Aber wir sind uns bewusst, dass es ganz bestimmt andere Wege gibt, die Sicher-heit auf unserem Kontinent zu festigen. Das Sicherheitsmodell ist eine von mehreren Möglichkeiten. Als Amtierender Vorsitzender habe ich es mir aber zu einer prioritären Pflicht gemacht, es der Debatte zu erlauben, sich so vollständig und so weit wie möglich für dieses Thema mit grundsätzlicher Bedeutung für unsere gemeinsame Zukunft zu öffnen. Das Schicksal der OSZE hängt vom einstimmigen Willen der Teilnehmerstaaten ab. Die OSZE bleibt eine flexible Organisation, die es versteht, sich den verschiedenen Situationen anzupassen. Erst die Zukunft wird zeigen, ob die OSZE in der künftigen Sicherheitszusammenarbeit eine nur ergänzende oder ob die OSZE eine wichtigere Rolle spielen wird.

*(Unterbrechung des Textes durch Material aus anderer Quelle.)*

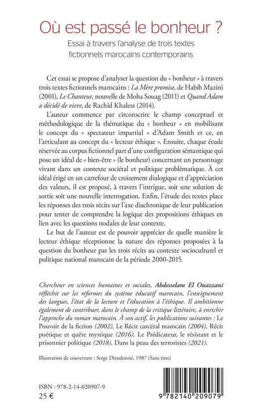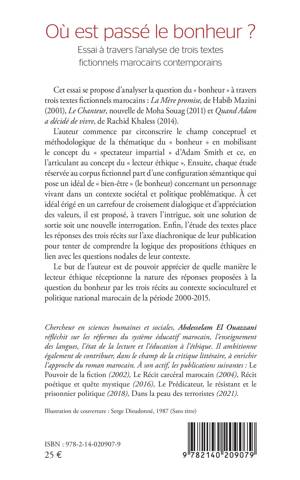 Cet essai se propose d'analyser la question du « bonheur » à travers trois textes fictionnels marocains : La Mère promise, de Habib Mazini (2001), Le Chanteur, nouvelle de Moha Souag (2011) et Quand Adam a décidé de vivre, de Rachid Khaless (2014). L'auteur commence par circonscrire le champ conceptuel et méthodologique de la thématique du « bonheur » en mobilisant le concept du « spectateur impartial » d'Adam Smith et ce, en l'articulant au concept du « lecteur éthique ». Ensuite, chaque étude réservée au corpus ctionnel part d'une conguration sémantique qui pose un idéal de « bien-être » (le bonheur) concernant un personnage vivant dans un contexte sociétal et politique problématique. À cet idéal érigé en un carrefour de croisement dialogique et d'appréciation des valeurs, il est proposé, à travers l'intrigue, soit une solution de sortie soit une nouvelle interrogation. Enn, l'étude des textes place les réponses des trois récits sur l'axe diachronique de leur publication pour tenter de comprendre la logique des propositions éthiques en lien avec les questions nodales de leur contexte. Le but de l'auteur est de pouvoir apprécier de quelle manière le lecteur éthique réceptionne la nature des réponses proposées à la question du bonheur par les trois récits au contexte socioculturel et politique national marocain de la période 2000-2015.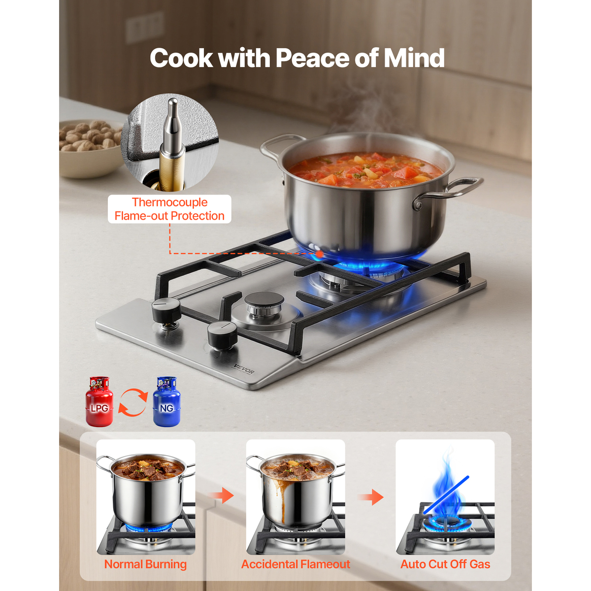 Automatic Shutdown Protection: This natural gas hob is equipped with a thermocouple flameout failure system to ensure safety. When the top needle inside the stove fails to detect a flame, the protection system is automatically triggered, shutting off the gas supply. This feature prevents gas leaks and ensures the safety of your family, and gives you peace of mind during the cooking process.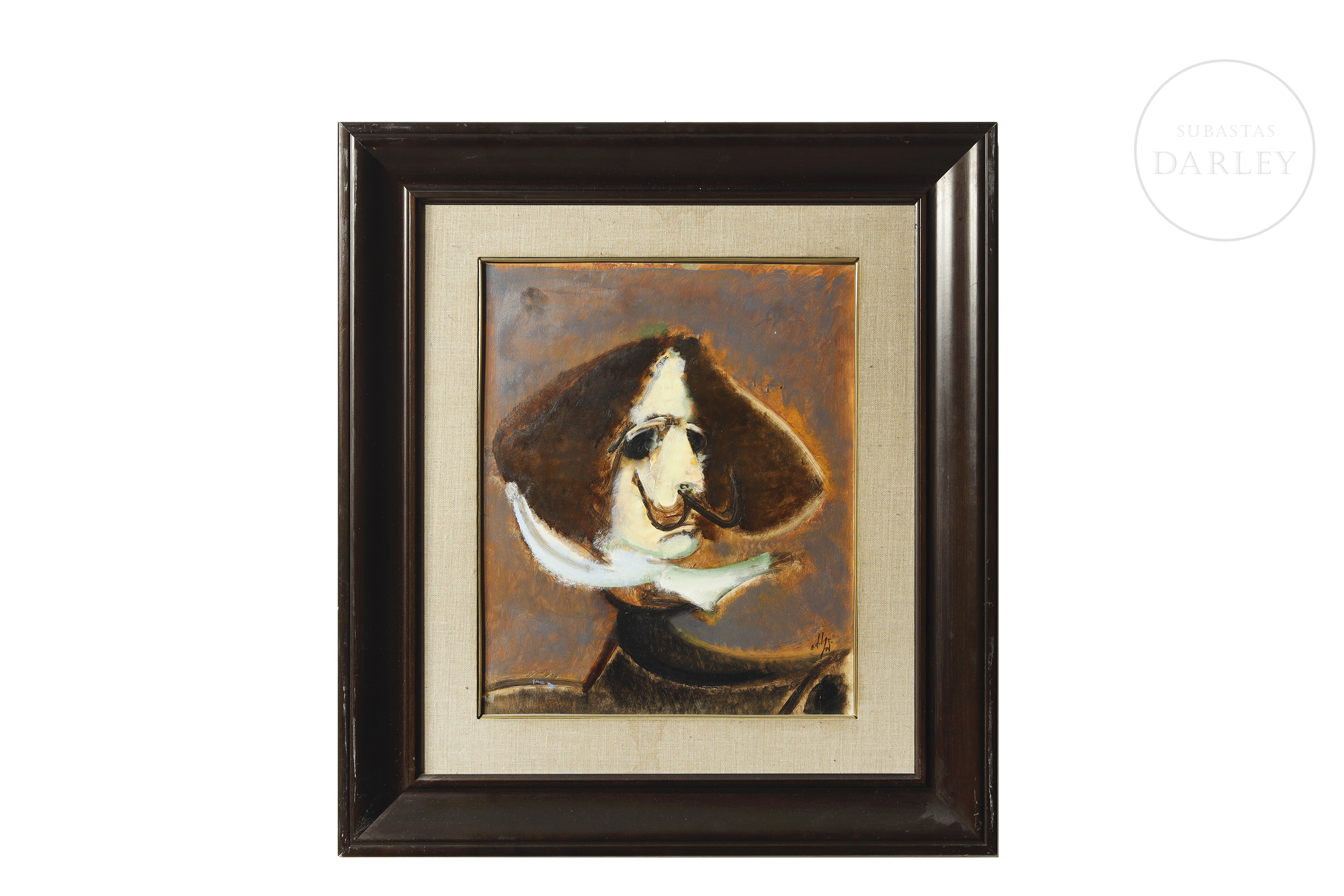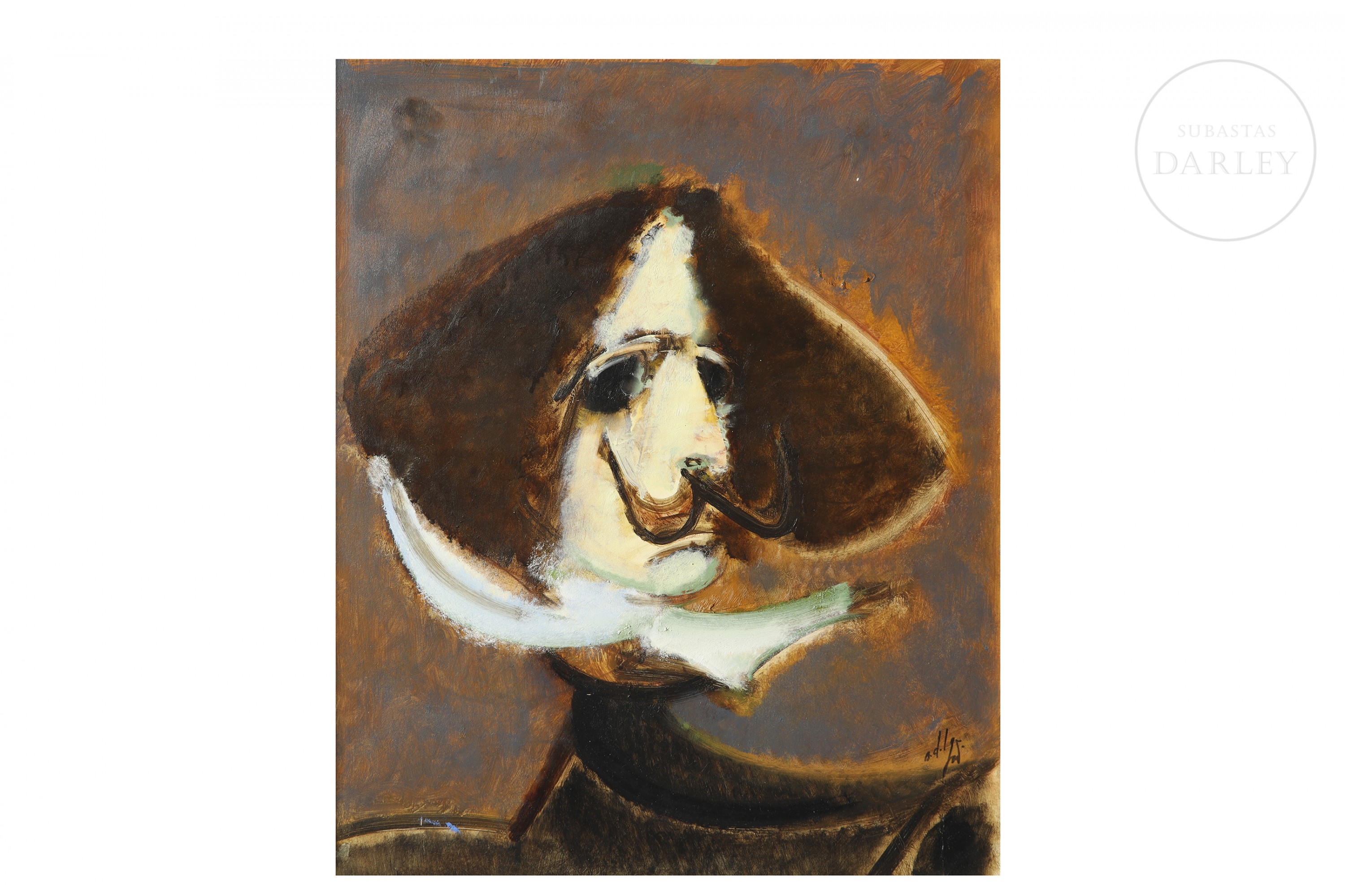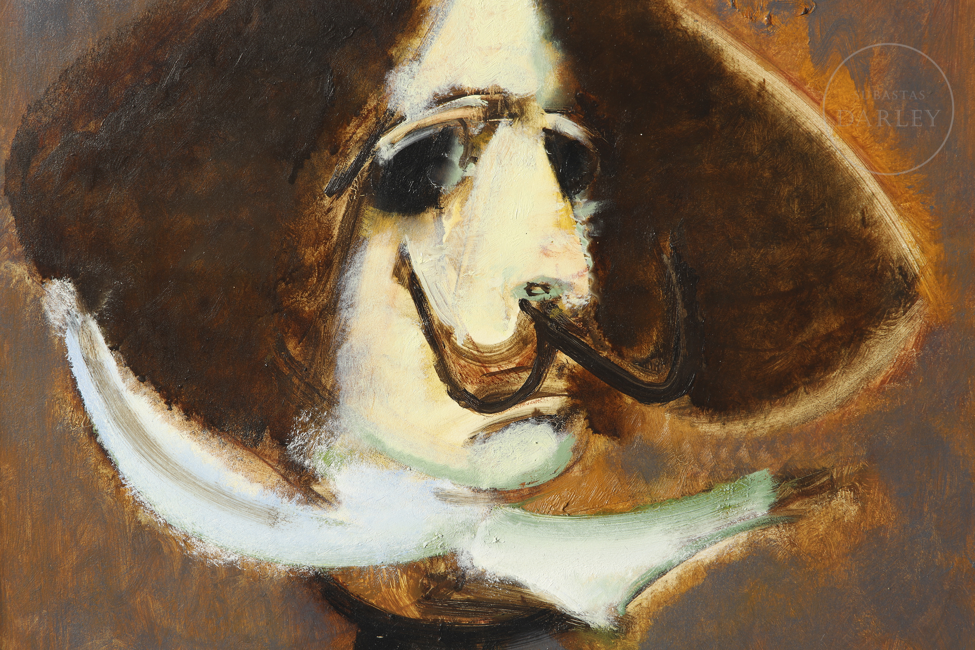 委拉斯开兹肖像,戴宽檐帽蓄须,以浓密表现主义笔触绘制。暗色调以棕褐与赭石为主,与中央面部光泽形成鲜明对比。右下角签名“A. D. L.”。背面签名、题年份并附题词。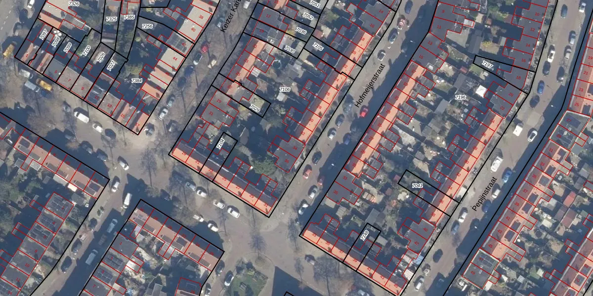Het perceel waarop Hofmeijerstraat 34 staat heeft een oppervlakte van 1870 m². Dit is een zeer groot perceel. De perceeloppervlakte wordt geregistreerd door het Kadaster. Gedetailleerde informatie over de maten van dit perceel kunt u vinden in het rapport Kadastrale kaart met maatvoering van Hofmeijerstraat 34.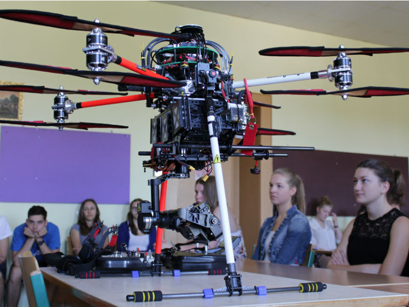 So veranstaltete die Fa. „Movieworks“ gemeinsam mit Prof. Kurt Haspel und Schülern der HLK Freistadt einen Workshop zum Thema Filmen und Fotografieren mit professionellen Drohnen. Neben den rechtlichen und den technischen Grundlagen ging es auch um Themen wie geeignete Kameras für solche Flugaufnahmen sowie Perspektiven und Kameraaufhängungen.
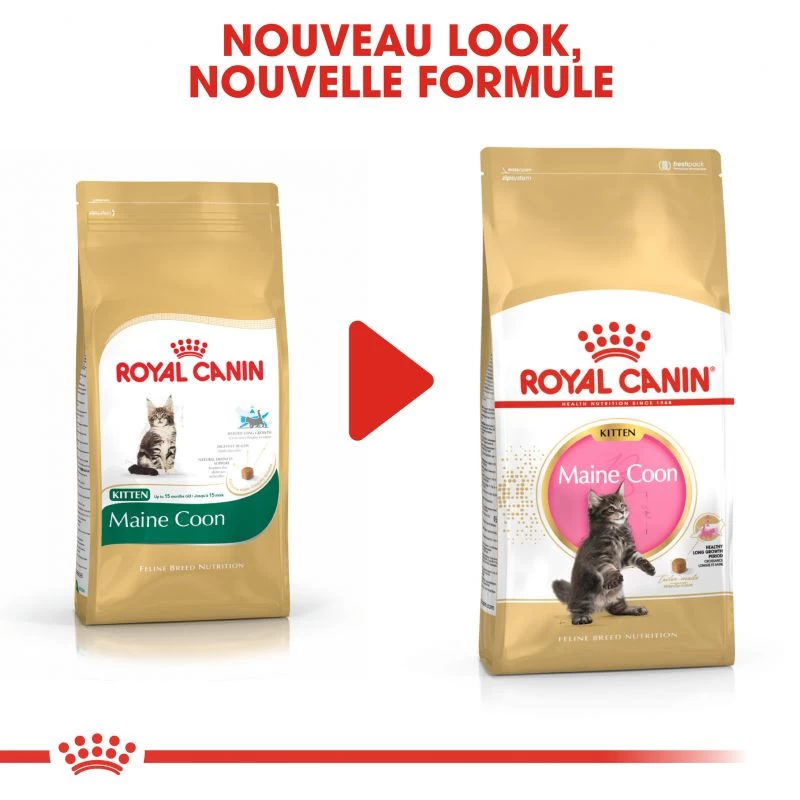 ROYAL CANIN Maine Coon chatons est spécialement développé pour les chatons Maine Coon jusqu’à l’âge de 15 mois. Une alimentation équilibrée assure le bon développement du chaton pendant toute la période de croissance. Le système digestif du chaton est encore en développement constant. Les protéines de haute qualité sont importantes pour une bonne digestion. ROYAL CANIN Maine Coon Kitten contient des protéines L.I.P. hautement digestibles et des prébiotiques pour équilibrer la flore intestinale. Le système immunitaire se développe tout au long de la période de croissance.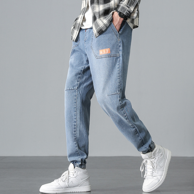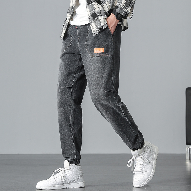 트렌디 한 브랜드 청바지 남성 가을과 겨울 새로운 한국 스타일 트렌디 슬림 핏 바지 느슨한 스트레이트 남성 캐주얼 바지스토어 가기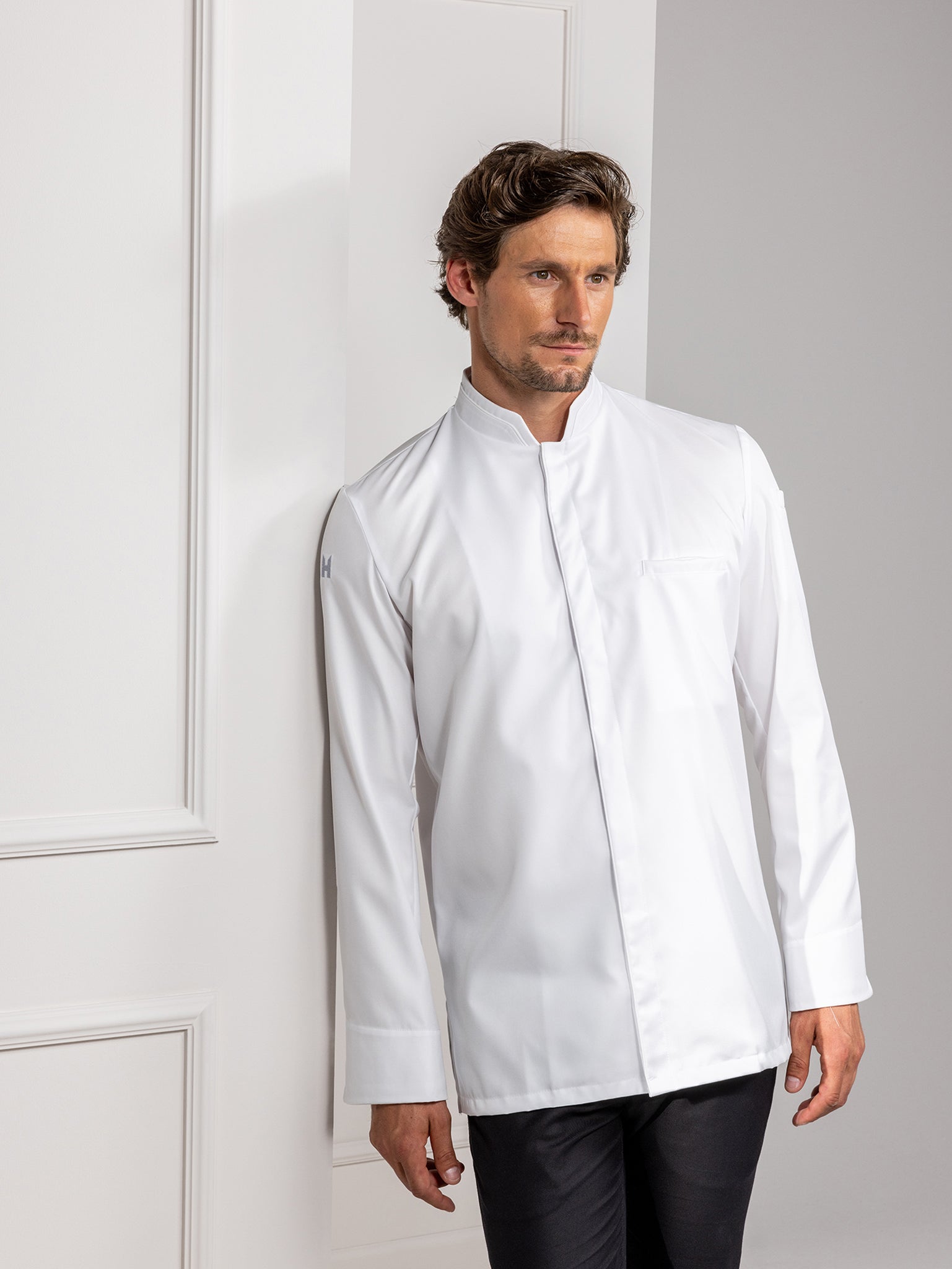 | Caractéristiques | Boucle de tablier avec bouton-pression Boutons pression invisibles Brodé Le Nouveau Chef H sur la manche Col montant haut Poche poitrine et poche stylo sur la manche |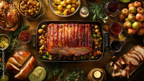 A cozy family gathering with a platter of roasted pork belly at the center of the table, surrounded by laughter, conversation, and delicious sides.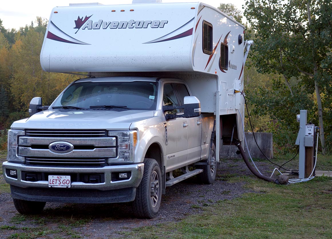 Für die Nacht haben wir uns den Fort Telkwa Riverfront Campground ausgesucht, nur schlappe 15 km entfernt. Der Campground befindet sich direkt am Fluss und punktet mit einem Parkplatz-Charme, der allerdings gepflegt und ordentlich ist. Für schlappe $35 erhalten wir nicht nur schnelles WLAN, sondern auch Strom und Wasser. Ein wirklich fairer Preis.

Für die Schweiz war es eine Ehre, der OSZE vorzusitzen. Diese Präsidentschaft wollte beweisen, dass mein Land, angesichts der grossen strategischen Veränderungen der jüngsten Geschichte, solidarisch und offen zur Bewältigung der neuen Herausforderungen beitragen will. Wir werden unser Engagement weiterführen. Als weiteres Zeichen dafür werde ich noch heute, zu einem späteren Zeitpunkt, das Rahmenabkommen über die Partnerschaft für den Frieden unterzeichnen. Ich freue mich darüber.